Until this point, the only way for doctors to "measure" pain is by using a pain scale. This typically involves patient self-reporting — like ranking pain on a scale from 1 to 10 — and observing their behavior.

This can be problematic when doctors have to make important clinical decisions. Patients in pain are notorious for both understating and overstating their degree of pain. Also, some patients may be incapacitated in some way and unable to properly articulate their level of discomfort.

What’s more, there is no unified or industry-standard pain scale currently in use; there are over 20 different scales that are utilized in different jurisdictions and contexts. The lack of consensus on this issue points to how difficult it is to measure what is essentially phenomenological quale — the individualized or subjective experience of pain.

Looking to contribute to ongoing efforts to measure pain, neuroscientists from the University of Colorado Boulder, New York University, Johns Hopkins University, and the University of Michigan set about the task of using functional magnetic resonance imaging (fMRI) to identify objective measures of pain. Their findings now appear in the New England Journal of Medicine.

By looking at the brain scans of 114 participants, the researchers developed a technique to measure and predict pain intensity — and remarkably, at the level of the individual person.

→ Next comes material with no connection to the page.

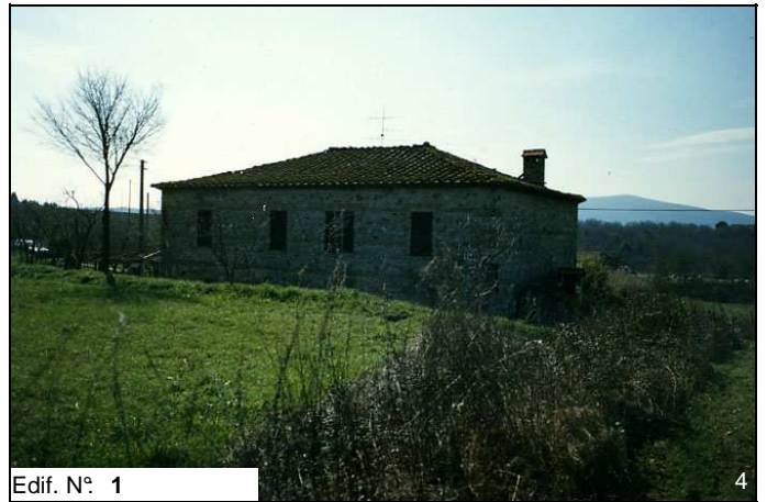
Edif. N° 1
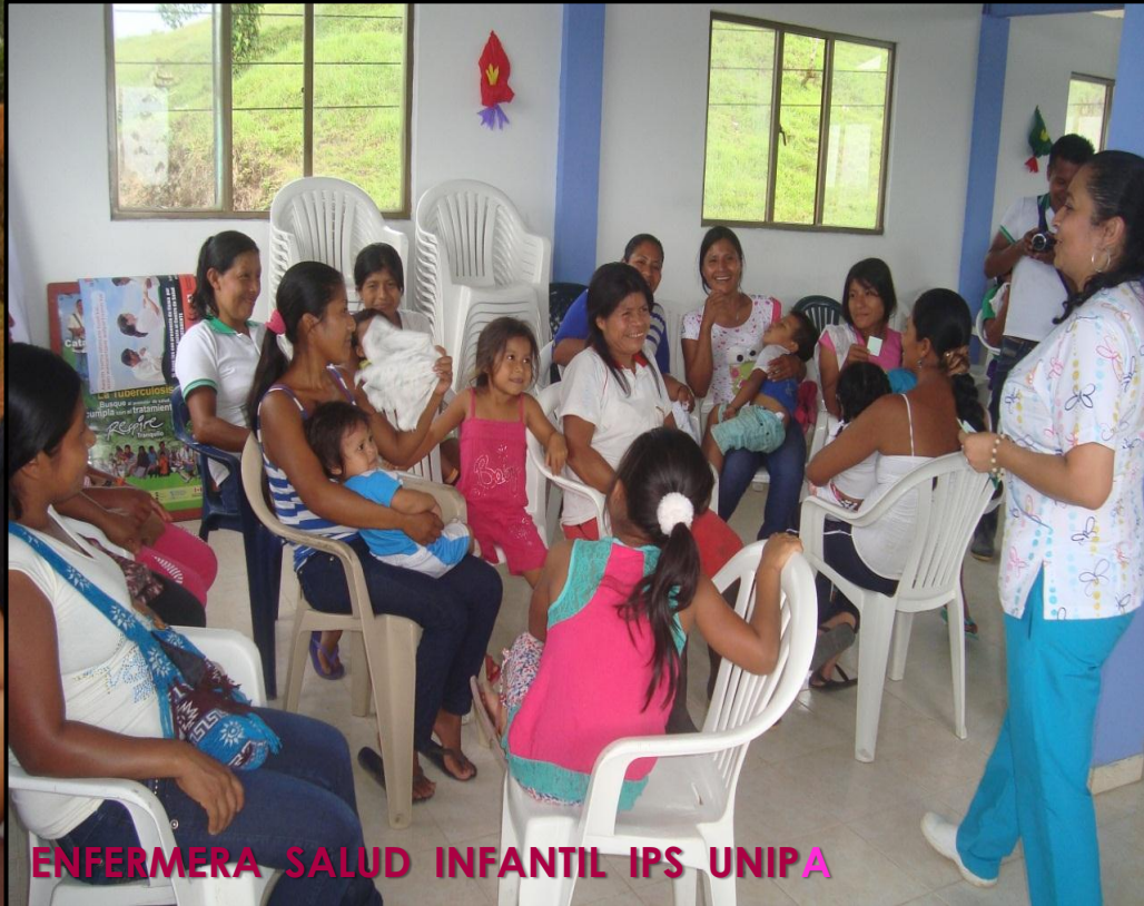
LUDICAS EN LA COMUNIDAD

For the experiment, each volunteer was subjected to a painful dose of heat. The experience would leave a pattern, or neurologic signature, for the neuroscientists to study (they used machine-learning analyses to identify a pattern of fMRI activity across a wide series of brain regions).

The signatures were distinguished from other sensory experiences, like nonpainful warmth, pain anticipation, and pain recall. They also found that painkillers helped to reduce the severity of the signatures.

The neuroscientists, a team led by CU-Boulder’s Tor Wager, discovered that the signatures in question are transferable across different people, allowing them to predict pain intensity with over 95% accuracy.

Interestingly, the scientists also measured “social pain.” Some volunteers were shown photographs of romantic partners they had recently broken up with. But this kind of emotional pain did not correspond to the signatures left behind by the physical pain.

Looking ahead, it will be some time yet before physicians can quantify physical pain at the clinical setting. But this is a good sign that the day may eventually arrive.

Images: Shutterstock//Chepko Danil Vitalevich; Tor Wager.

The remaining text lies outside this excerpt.